In my experience hospital hygiene procedures have been lacking on many occasions - when getting blood transfusions twice the technician or nurse allowed spilled blood to remain until I complained. The first time the bag blocked so the tech took it off the stand, unhooked the tubing and changed the filter in the bag, spilling a load of blood in the process. It was all down her hands and the sleeves of her labcoat, and dropped on the floor. She cleaned herself off sharpish but walked off leaving the blood on the floor.

The second time they were having trouble getting the needle into my vein, and after numerous sticks down the length of my arm the ended up trying the back of my hand near the knuckle. As she stuck the needle, the nurse was muttering, “This isn’t going to go in either”, and momentarily looked away, only for the needle to hit the right spot and blood to FOUNTAIN out of the end of it before she could connect it up. There was a stripe of blood right across my bed and onto the floor. This time the floor was wiped up but they left my bedding until my husband complained THE NEXT DAY. (I was too sick to care at the time.)

Ick, Ick, Ick.

Well then we always know who just got back from Chinatown.

Thank You.

I don’t want to argue too strenuously because I’m a layman. I thought, though, that contact is the dominant mode of transfer. How often does your tie or clothing touch the patient? I know that you clothing can touch the things the patient touches and transfer germs but that seems to me much reduced in probability from hands touching patients directly.

In know that when antiseptic surgery was first being developed surgeons actually operated in a mist of disinfectant in order to keep down airborne contaminants. However, it was discovered that infections were virtually eliminated if the instruments, the surgical teams’ hands and all that came in actual contact with the site of the surgery were sterile.

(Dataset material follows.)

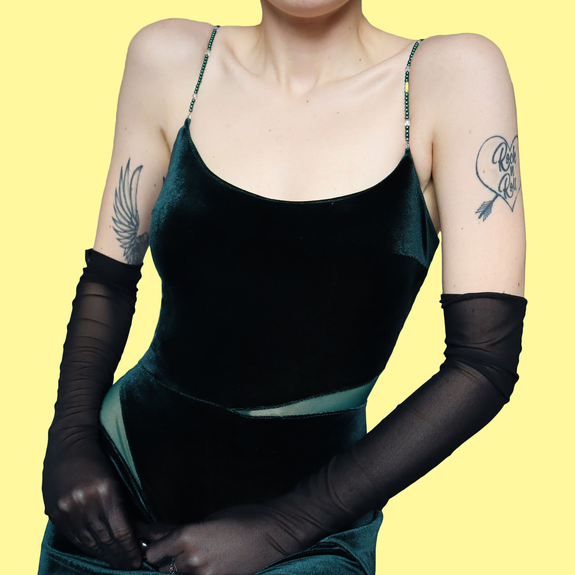 🌹Dark green velvet stretch evening dress with beaded straps, a padded bust & sheer cut outs UK 14🌹

It depends. I believe that contact is by far the most common way of transferring things, but aerosols are still a significant problem in many circumstances.
The classic example is TB, which just loves large populations of immunocompromised patients crammed together in a sealed building. And in theory anything that can be spread by contact can be spread via mist/dust, even though it’s usually much less likely.

Basically hospitals tend to be large, highly trafficked buildings with high population density - that’s a profile for lots of germs at the best of times. The average office desk has more germs than a toilet apparently, and offices are supposedly full of reasonably healthy people, and tend not to have so many bodily fluids slopping around.

My OP was motivated by reports on 60 Minutes (or programs like it) that discuss the rise of germs resistant to the last line of defense in terms of antibiotics. And they say that these germs are found almost exclusively in hospitals.

I realize that antibiotics must kill the agent while leaving the host alive, but I was left wondering why things like Clorox or Lysol (I’m sure they’d have more powerful things in hospitals) that don’t have to work inside the body didn’t kill everything on the hospital surfaces. If it’s the workers who are spreading these infections, why wouldn’t they be taking them home and infecting their families?

Actually, hospitals should be IDEAL incubators of “superbugs”. think about it, you have scads of sick people being treated with antibiotics-the bugs that survive the treatments acquire enormous immunity to antibiotics. these superbugs then gaet passed around to other vectors, where they grow and multiply.
Another thing i’ve noticed-hostpitals don’t seem to be well designed for periodic cleaning-I would design hospital rooms with waterproof electrical fistures, so that you could periodically spray the rooms doen with bleach solutions, and kill off the bugs hiding in cracks and crevices. I’d laso have big UV lamps to irradiate stuff like beds, chairs, hand equipment.